**WORK ITEM**. Exactly the lines from the one containing "I love you to" through the end of the listing must make up the answer, with no pictures included.

**DATASET EXCERPT**.
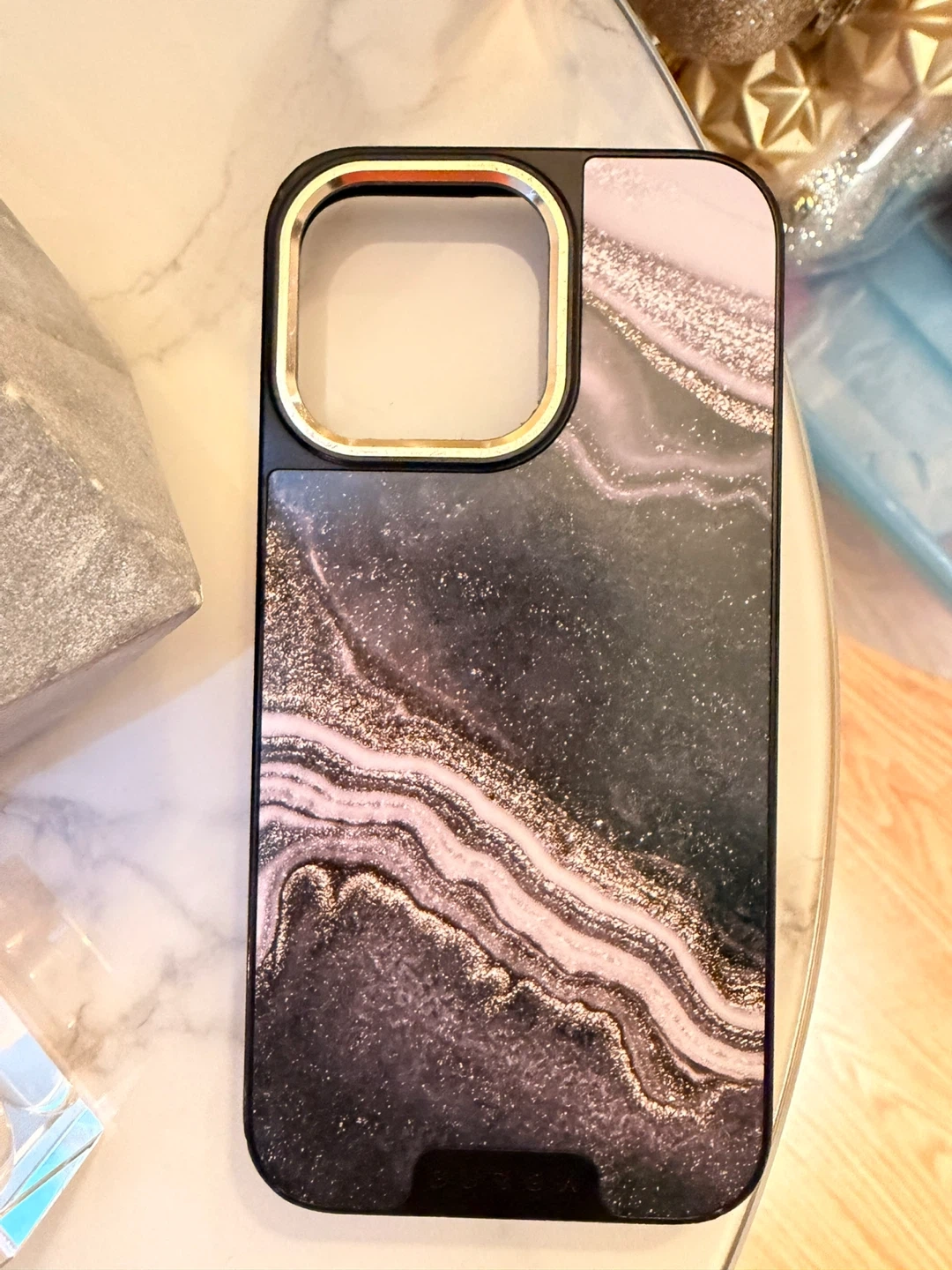 Burga cases are durable and basically indestructible. This is a Burga Elite iPhone case for iPhone 15 Pro Max with a beautiful marble design! It's in great condition and will keep your phone protected in style. The case features a black and gold frame, adding a touch of elegance to your device. Perfect for anyone looking for a stylish and durable phone case!
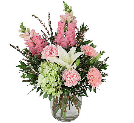 I love you to the moon and back! This delightful original features an array of flowers in pinks and greens! To include Lilies, hydrangea, snapdragons and more!
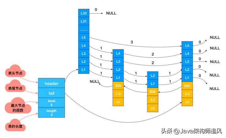 下面这张是跳表真实的存储结构,和其它数据结构一样,都在头节点里记录了相应的信息,减少了一些不必要的系统开销。

**SOLUTION TO THE PROBLEM**.
 I love you to the moon and back! This delightful original features an array of flowers in pinks and greens! To include Lilies, hydrangea, snapdragons and more!
 下面这张是跳表真实的存储结构,和其它数据结构一样,都在头节点里记录了相应的信息,减少了一些不必要的系统开销。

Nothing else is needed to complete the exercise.